Emma alzó los ojos al señor Challis y le tendió su mano, enfundada en un diminuto guante de piel, sin decir nada.

—¿Mejor así? —preguntó este con extrañeza, cogiéndola de la manita. Emma no respondió.

—No vayas por la carretera, Barnabas, o vendrá un coche y te cortará por la mitad —le advirtió Grantey—. Dale la mano al abuelo también. Eso es, buen chico.

Era una tarde bastante fría, pero subieron la colina a un ritmo tan vivo que cuando llegaron al barrio ya habían entrado en calor.

—Quizá sea mejor que la coja en brazos para cruzar, señor; a veces se suelta —aconsejó Grantey. El señor Challis siguió su consejo y sujetó a Emma con una mano mientras agarraba a Barnabas con la otra para ayudarle a cruzar. Parecía increíble que un hada tan pequeñita pudiera pesar tanto. Notó que los pelos de su caperuza le hacían cosquillas en la nariz. Barnabas trató de soltarse.

—No hagas eso, Barnabas. Como se le caiga Emma a tu abuelo vas a saber lo que es bueno —observó Grantey en tono flemático y ligeramente melancólico—. ¡Oh, vaya, me ha caído una gota!

—No creo que esté lloviendo —dijo el señor Challis, deteniéndose en la acera y haciendo un esfuerzo para bajar a Emma, que se resistía. Una o dos señoras que se dirigían a la misa vespertina de las tres y media sonrieron con aprobación a aquel caballero tan alto y atractivo que llevaba en brazos a esa preciosa niñita.

—Ahora le costará trabajo bajarla al suelo; le gusta ir en brazos todo el tiempo —dijo Grantey en voz baja; siguió empujando el cochecito y añadió por encima del hombro—: Anda, bájate, bonita. El pobre abuelito está cansado.

—En bazos… —dijo Emma, arrimándose más.

—Venga, ya eres bastante mayor. Puedes caminar sola —dijo el señor Challis, tratando de sonar alegre, aunque solo pareció irritado.

—Sí, Emma, pobrecito el abuelo —insistió Grantey, despegándose un poco del cochecito—. Anda, baja de una vez. ¡Ya!

—Tendréis que llevarla en brazos —saltó Barnabas—. Si no, llora.

Media hora más tarde, el grupo había decidido atravesar Kenwood para escapar del viento y, como Grantey temía que la niña despertara a Jeremy si la metían en el carrito, el señor Challis siguió cargándola en brazos.

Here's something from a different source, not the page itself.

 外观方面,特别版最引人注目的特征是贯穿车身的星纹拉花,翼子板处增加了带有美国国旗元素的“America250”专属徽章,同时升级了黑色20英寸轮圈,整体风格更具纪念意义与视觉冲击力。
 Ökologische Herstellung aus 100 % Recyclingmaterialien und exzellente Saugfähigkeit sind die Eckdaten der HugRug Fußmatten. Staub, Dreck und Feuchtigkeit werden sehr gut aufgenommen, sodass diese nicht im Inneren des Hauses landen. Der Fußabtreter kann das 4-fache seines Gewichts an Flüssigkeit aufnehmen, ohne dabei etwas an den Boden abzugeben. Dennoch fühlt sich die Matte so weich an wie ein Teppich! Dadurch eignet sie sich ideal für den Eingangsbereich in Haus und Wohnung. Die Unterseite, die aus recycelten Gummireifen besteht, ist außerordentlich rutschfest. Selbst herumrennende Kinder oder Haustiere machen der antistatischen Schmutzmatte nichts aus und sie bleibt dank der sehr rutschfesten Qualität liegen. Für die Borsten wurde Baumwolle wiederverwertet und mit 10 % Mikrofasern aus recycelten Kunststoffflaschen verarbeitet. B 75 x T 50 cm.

Y así continuaron su trayecto por caminos grises que discurrían entre rododendros que emanaban un nostálgico aroma otoñal, enfriado por la sombra de los abetos y robles gigantes. Al señor Challis los brazos le estallaban; las estridentes vocecitas de los niños y los comentarios apagados de Grantey habían logrado ponerle los nervios de punta y casi había decidido levantar la mano y decir que acababa de acordarse de un asunto importante y que debía volver a casa de inmediato, cuando, por un hueco entre los árboles, divisó a Hilda. La reconoció al instante y su irritación e incomodidad fueron completas. ¡¿Qué?! ¿Permitiría que Dafne, la hija de la mismísima diosa del mar, lo sorprendiera acarreando en brazos a su nieta y acompañando a otros dos mocosos (uno de ellos en la etapa menos sugerente de la infancia) y a su vieja niñera? ¡De eso nada! Así que, perseverando en su enfado, se paró en seco e intentó bajar a Emma al suelo con decisión. Al verle, Grantey dijo:

—Creo que será mejor que salgamos por esa entrada, señor. La casa no queda lejos y el camino es perfecto para ir con el cochecito.

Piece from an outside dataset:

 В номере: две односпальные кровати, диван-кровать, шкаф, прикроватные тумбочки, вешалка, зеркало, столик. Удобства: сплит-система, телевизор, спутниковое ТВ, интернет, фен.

—¡Asias, agüelo! —balbuceó Emma con desparpajo, corriendo a trompicones entre las hojas. El abuelo estaba demasiado enojado para decidir si las gracias eran por el paseo o por haberla soltado.

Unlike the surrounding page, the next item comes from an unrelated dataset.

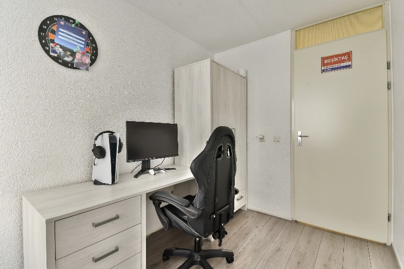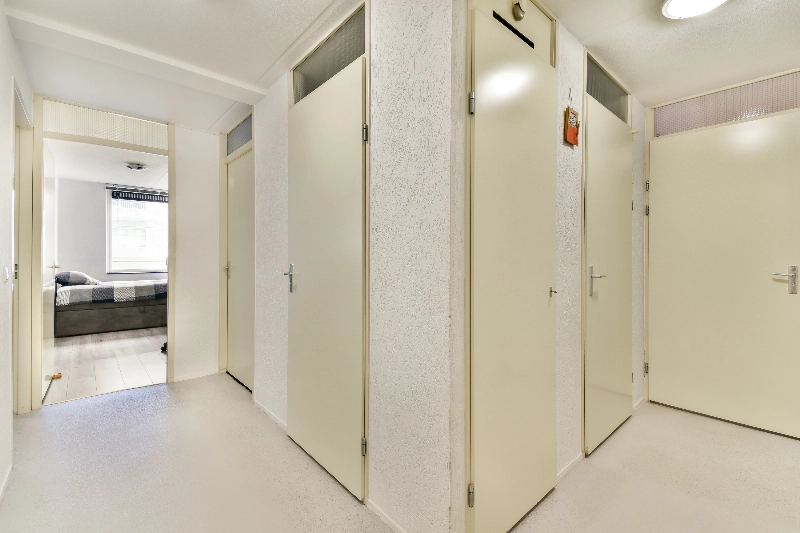 In de gang vind je de toiletruimte, de meterkast met glasvezelaansluiting en een vaste kast met opstelplaats voor de cv-combiketel.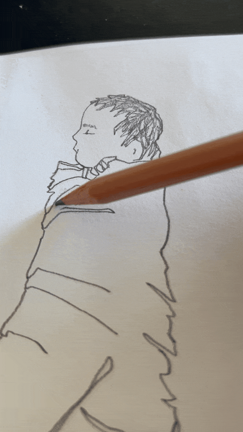 Lines and shapes, and sounds. I try to remember that. So while I draw, I listen too. His breathing, soft snores, and the first cry when he wakes.

—Muy bien —contestó el señor Challis—. Aquí se separan nuestros caminos. Buenas tardes. Adiós, niños. —Ya estaba dándose la vuelta y levantando el sombrero cuando Grantey dijo:

—Emma, Barnabas, decidle adiós al abuelo. —Los niños se acercaron desganadamente y Barnabas se sintió obligado a tender una flácida mano. Mientras decía lo que se supone que le correspondía decir, miraba para otro lado, como aburrido. Grantey le reprendió y tuvo que repetir todo desde el principio.

—Muy bien. Ahora Emma. Un besito al abuelo. ¡Qué buena es mi niña!

La impaciencia con la que el señor Challis besó la fría mejilla sonrosada de la niña apenas fue perceptible para el resto del universo.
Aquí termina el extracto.